Claude Native Messages
Use Anthropic’s Messages format when you need Claude-native request behavior.
curl https://api.yourouter.ai/v1/messages \
-H "Authorization: Bearer $YOUROUTER_API_KEY" \
-H "Content-Type: application/json" \
-H "anthropic-version: 2023-06-01" \
-H "vendor: anthropic" \
-d '{
"model": "claude-sonnet-4-20250514",
"max_tokens": 300,
"messages": [
{
"role": "user",
"content": [
{ "type": "text", "text": "Describe this image in one sentence." },
{
"type": "image",
"source": {
"type": "base64",
"media_type": "image/jpeg",
"data": "<BASE64_IMAGE>"
}
}
]
}
]
}'
See Anthropic Messages for the reference page.
Video Generation Tasks
Video generation is task-based: create a task, then poll until the task is finished.

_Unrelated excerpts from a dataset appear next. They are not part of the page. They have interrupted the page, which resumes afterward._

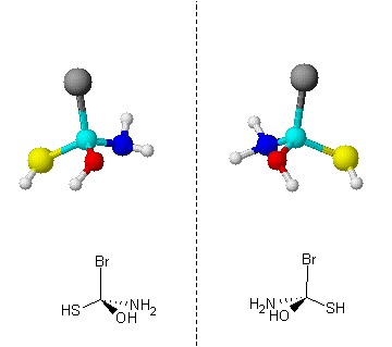 7. 有許多方法可以分辨成對的鏡像異構物彼此的差異。特定鏡像異構物的「絕對組態absolute configuration」,依據「坎-殷高-普利洛優先法則Cahn-Ingold-Prelog rules」分類。
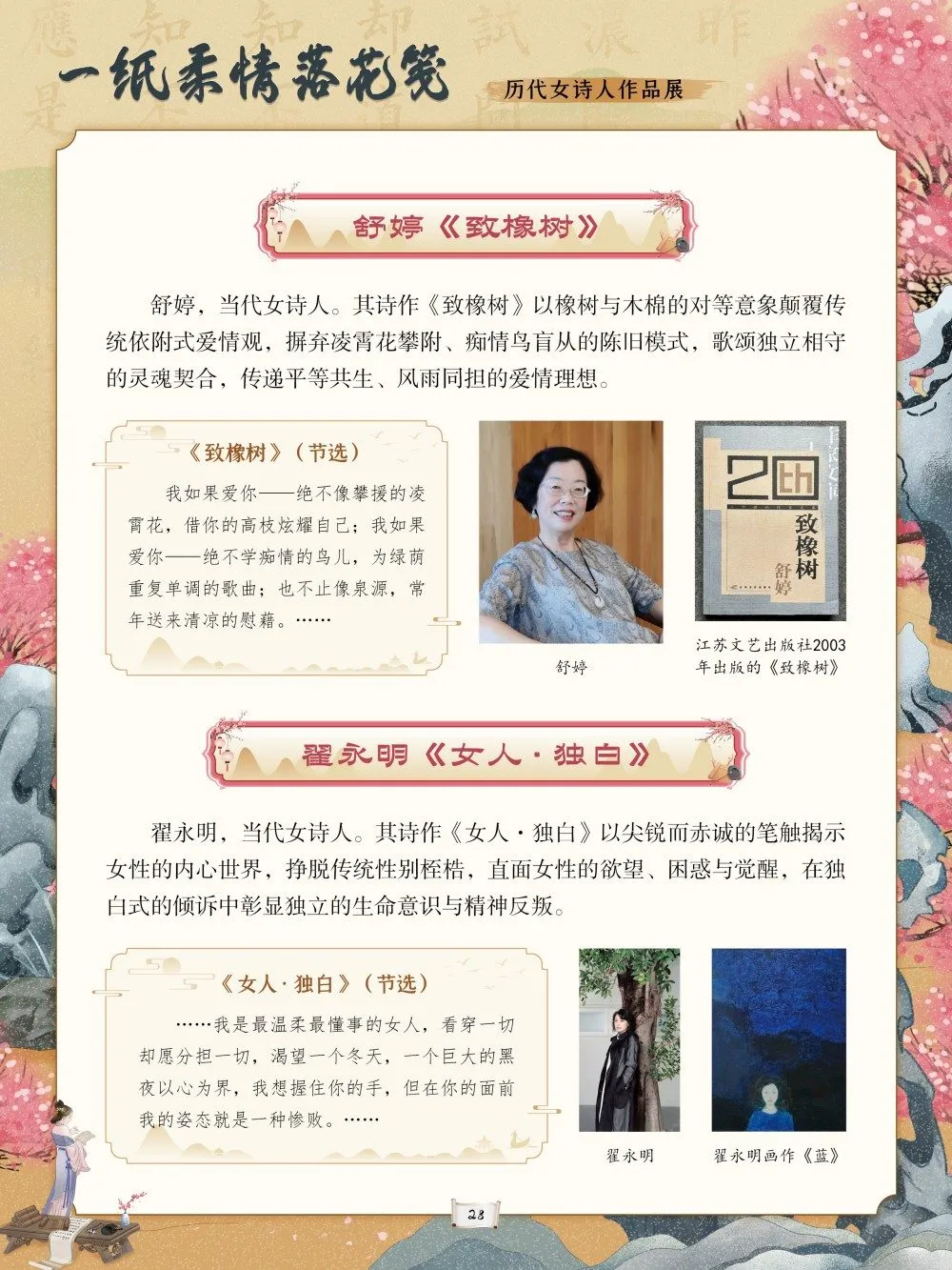 中华优秀传统文化是中华民族的精神命脉,是涵养社会主义核心价值观的重要源泉。在中国文学的璀璨星河中,历代女诗人以独特的生命体验与文学才情,为这条精神命脉注入了温润而坚韧的力量。她们挣脱时代的束缚,以诗为言、以笔为心,将闺阁情思、家国之念与觉醒之志凝于笔墨,书写了中华文脉中不可替代的璀璨华章。
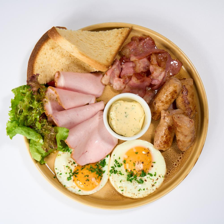 Глазунья, микс салата, бекон, колбаски, ветчина, томаты черри, хлеб тостовый, пряное масло.
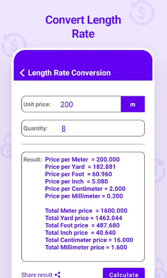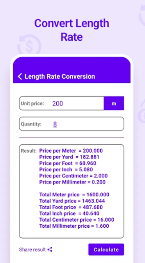 • Covert rate of length (meter, yard, foot, inch, centimeter, millimeter)
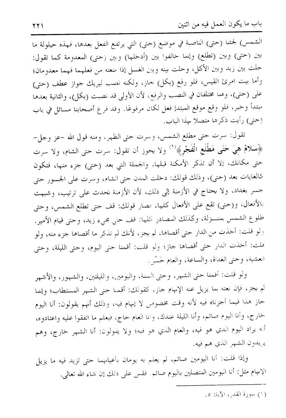 تقول: سرت حتى مطلع الشمس، وسرت حتى الظهر، ومنه قول الله- عز وجل- سَلامٌ هِيَ حَتَّى مَطْلَعِ الْفَجْرِ (¬1) ولا يجوز أن تقول: سرت حتى الشام، ولا سرت حتى مكانك، إلا أن تذكر الأمكنة قبلها، والجملة التي بعد (حتى) جزء منها، فتكون كالغايات بعد (حتى)، وذلك قولك: دخلت المدن حتى الشام، وسرت على الجسور حتى جسر بغداد، ولا يحتاج في الأزمنة إلى ذلك، لأن الأزمنة تحدث على ترتيب، وشبهت بالأفعال، و (حتى) تقع على الأفعال كلها، فصار قولك: قف حتى تطلع الشمس، وحتى طلوع الشمس بمنزلة، وكذلك المصادر كلها: قف حتى مجيء زيد، وحتى قيام الأمير.
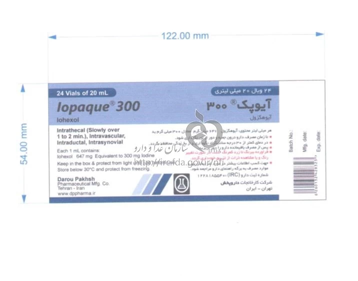 موارد مصرف آیوپک تزریقی پرنترال 300 mg/1mL 20MILLILITER
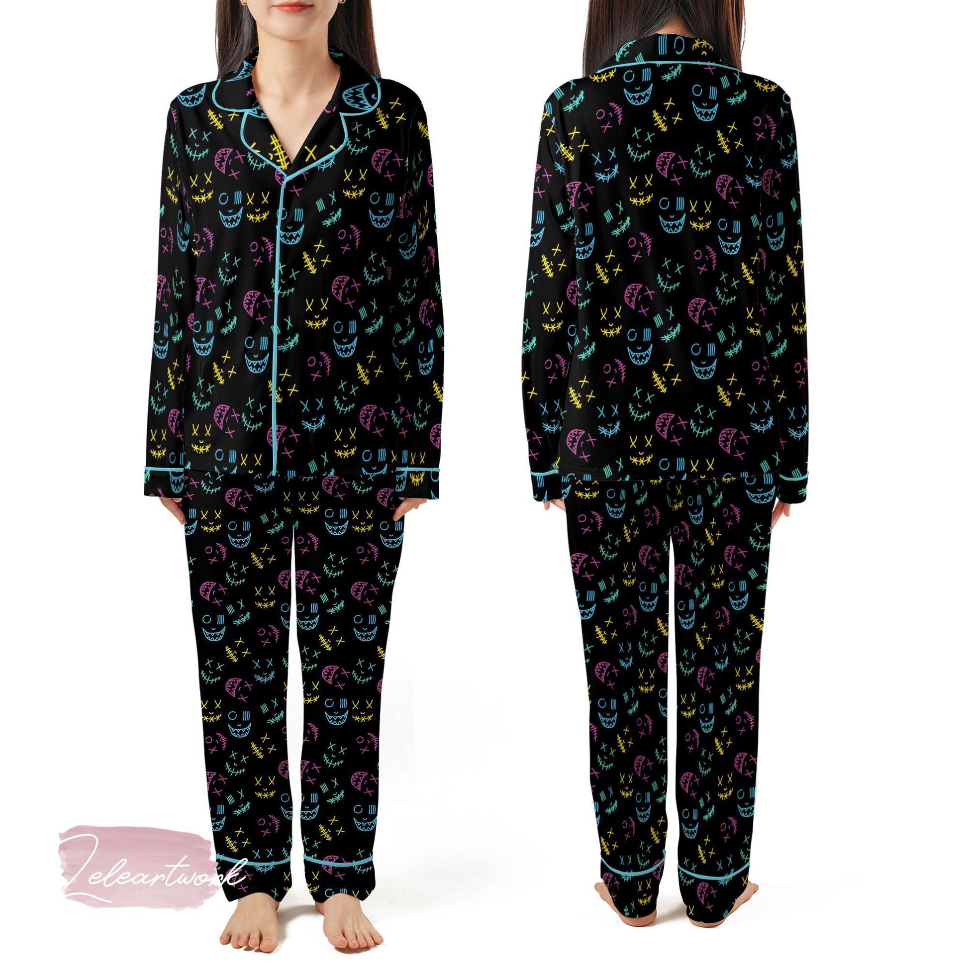 Smile Gravity Set – Neon Skull Face Pajama Shorts | Glow-in-the-Dark Graffiti Sleepwear | Funky Halloween Lounge Gift
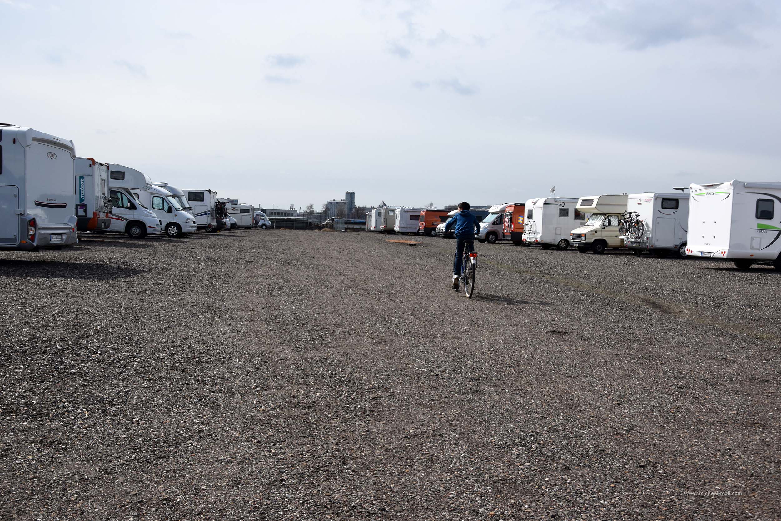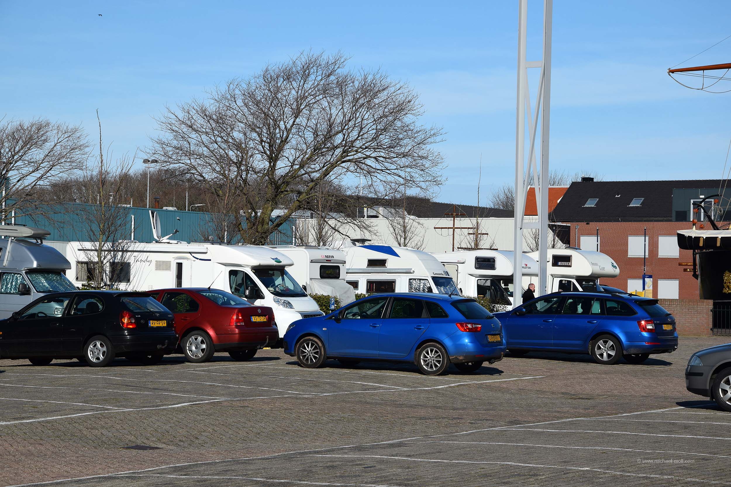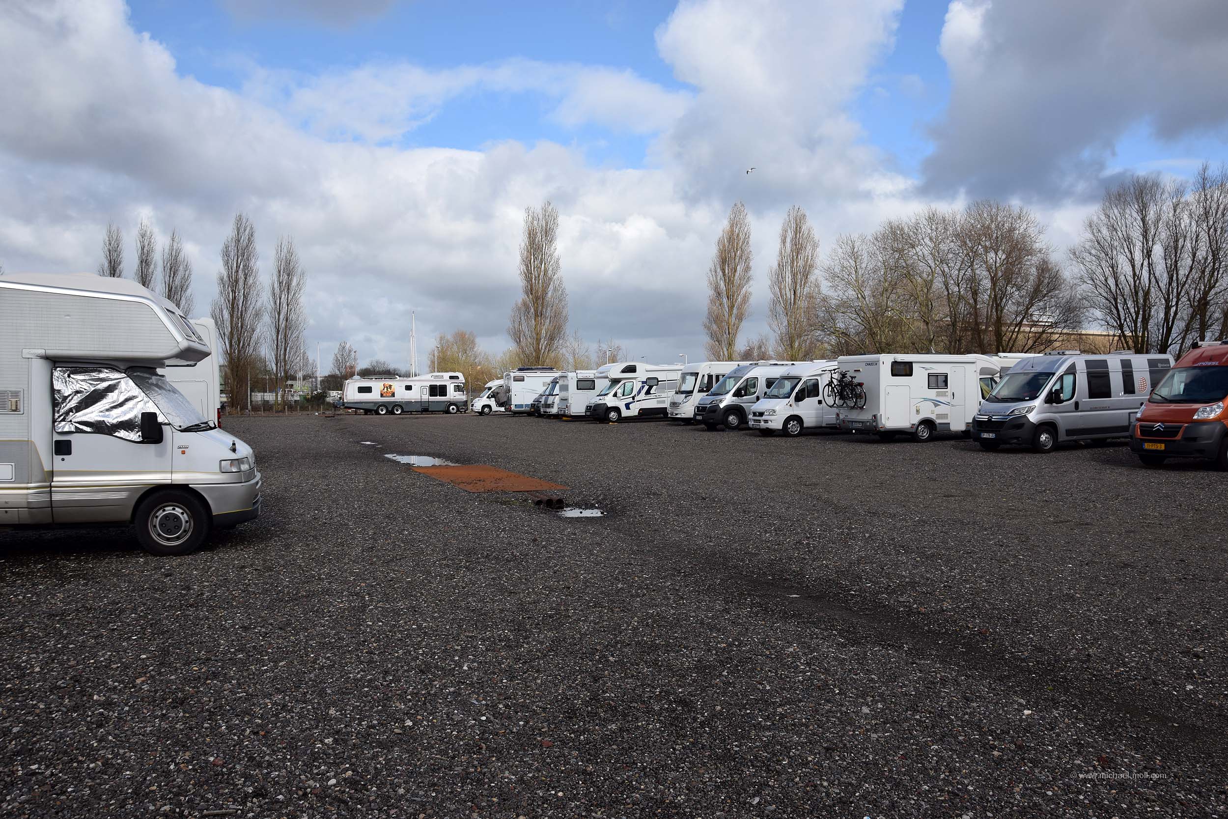 Wir hatten ein wenig Sorge, ob wir am frühen Donnerstagnachmittag vor Ostern überhaupt noch einen freien Platz bekommen würden. Aber die Sorge wurde uns von dem Betreiber schnell genommen, der zu uns kam und sämtliche Daten in eine Art Parkscheinautomaten eingab. Nachdem wir bezahlten, öffnete sich das Tor und wir konnten die Stellfläche 81 ansteuern. Es handelt sich um einen ziemlich einfachen Wohnmobilstellplatz auf einer Schotterfläche im Hafengebiet. Aber er ist umzäunt und dient ohnehin nur der Übernachtung, da wir ja bei Tageslicht in Amsterdam unterwegs sein würden.
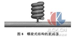 5应用 为验证文中所述分析方法的适应性,对图8所示的螺旋形衰减器结构进行分析,图中主管路和连接部的尺寸同表2,螺旋结构的管内径为20mm,总长度为875mm。如采用传统计算方法,这种结构基本上无法计算;采用CFD计算时无须简化,直接划分网格,设定边界条件、流体属性后即可进行计算。
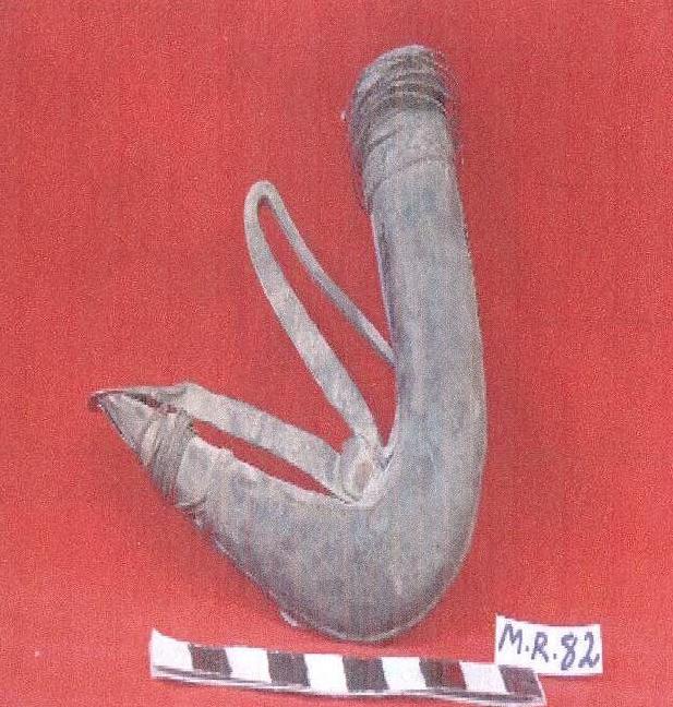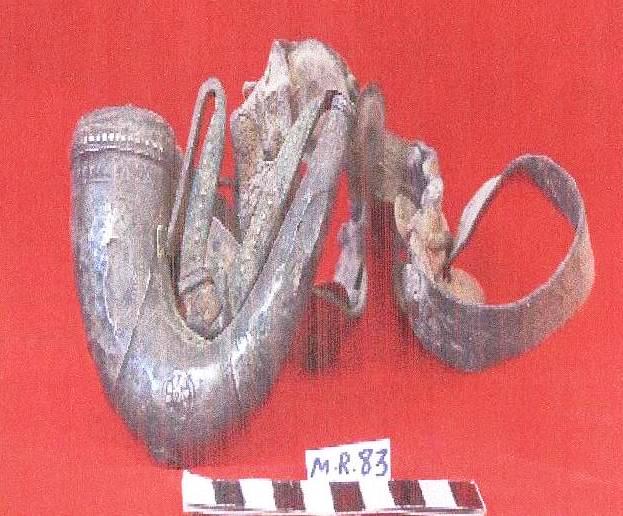 قطعه من النحاس عباره عن مذخرة بارود مثلثة الشكل احد الاطراف مدبب والطرف الاخر مستدير مثبت في وسطها من الداخل قطعه اخرى مثلثه احد طرفيها ينتهي بالطرف المدبب,للمذخره حزام من الجلد مثبت مثبت به وبها قطع معدنيه مختلفه .
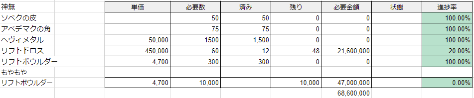 次は、リフトドロスですね。既に持っていた12個を納品して後48個となっています。
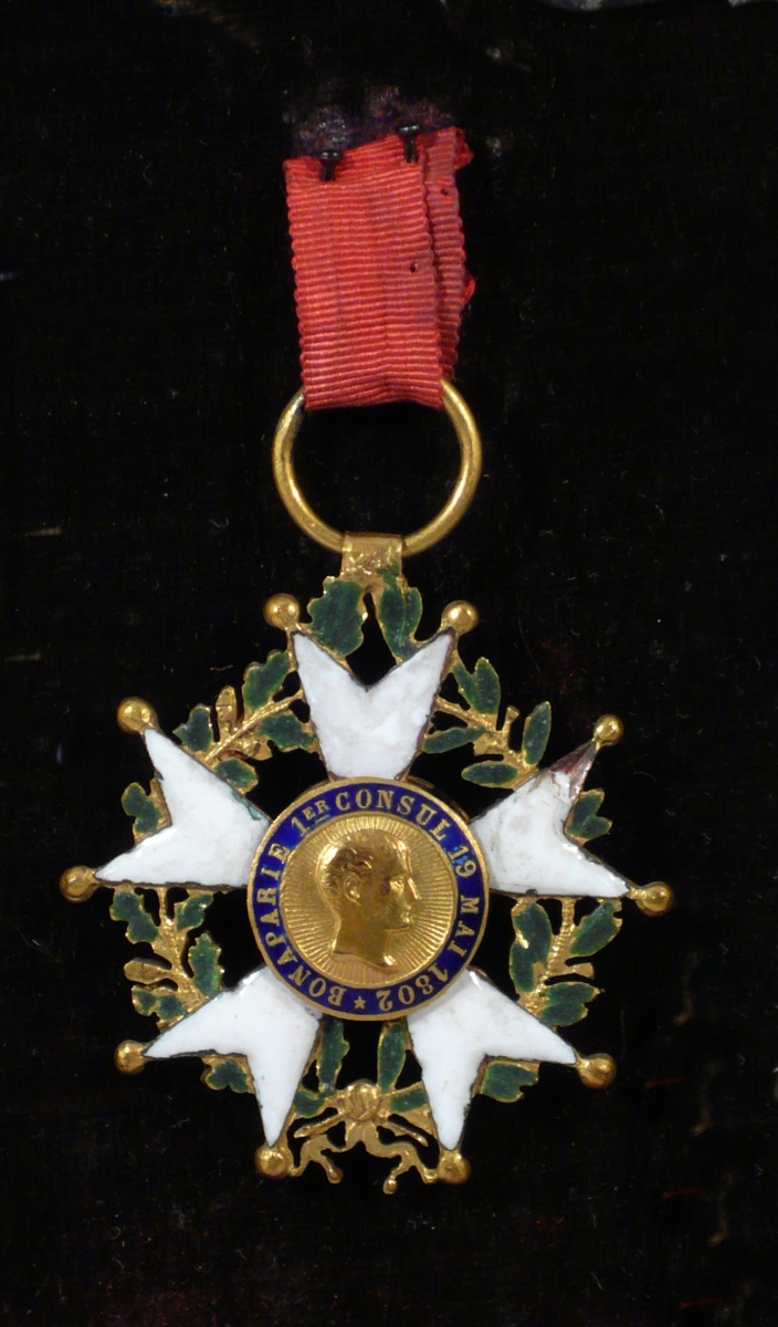 France - Ordre de la Légion d'honneur, étoile d'officier du modèle IIe République, à petite tête, en bronze doré, émail et laque (éclats), fragment de ruban miniature.
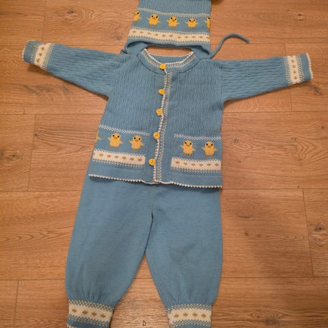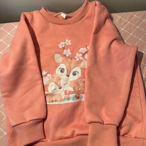 Blå genser til jente i størrelse 98 med trykk av en jentefigur med sommerfugler og blomster. Genseren har fleeceinnside for ekstra varme og komfort.
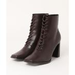 ブーツ チャンキーヒールレースアップショートブーツ レディース
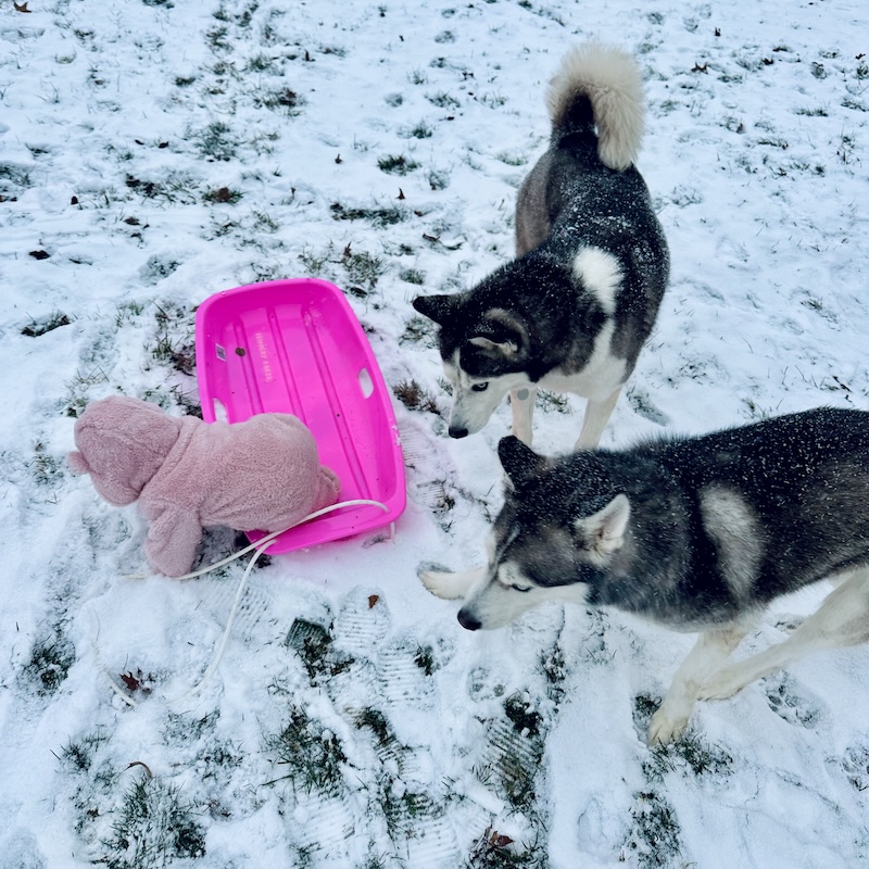 In the evening, we all went outside in the snow! We’re pet sitting Niva’s best friend, so it was extra fun having two huskies to play in the snow with us.
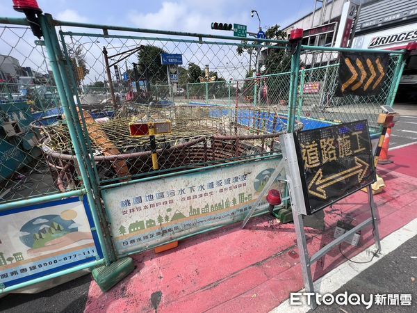 ▲桃園市桃園區國際路二段、文中路口處施工,昨天清晨發生「龍舟天菜」陳俞安誤闖摔落14米深坑洞意外,工地現場已在坑洞上加上防護網等安全維護。(圖/記者邱中岳攝)
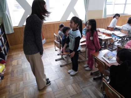 国語科では「なんて いうのかな」という学習で,どのような声かけをすればよいのかを考えました。朝の場面では,先生に「おはようございます」と言えばよいのが分かったようです。
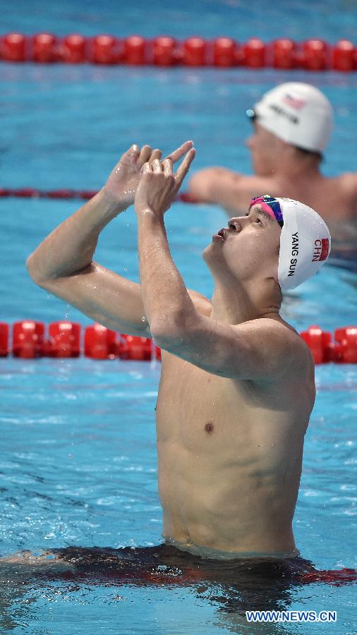 Sun Yang of China celebrates after winning the men's 400m freestyle swimming final at FINA World Championships in Kazan, Russia, Aug. 2, 2015. Sun Yang claimed the title of the event in a time of 3 minutes and 42.58 seconds. (Xinhua/Dai Tianfang)

curl -X POST https://api.yourouter.ai/api/v3/contents/generations/tasks \
-H "Authorization: Bearer $YOUROUTER_API_KEY" \
-H "Content-Type: application/json" \
-d '{
"model": "doubao-seedance-1-0-pro-250528",
"content": [
{
"type": "text",
"text": "A cinematic product shot with soft studio lighting --duration 5 --resolution 1080p"
}
]
}'
The create call returns a task id. Query that task until it is complete:
curl https://api.yourouter.ai/api/v3/contents/generations/tasks/{id} \
-H "Authorization: Bearer $YOUROUTER_API_KEY"
See Ark Text-to-Video for the full task flow.
Integration Tips
- Keep model IDs configurable so you can switch vision and multimodal models without code changes.
- Use
vendor only when you need a provider-specific format or behavior.
- Prefer HTTPS image URLs for large files; use base64 data URLs for private or local test images.
- Preserve request IDs from responses when troubleshooting provider-specific multimodal issues.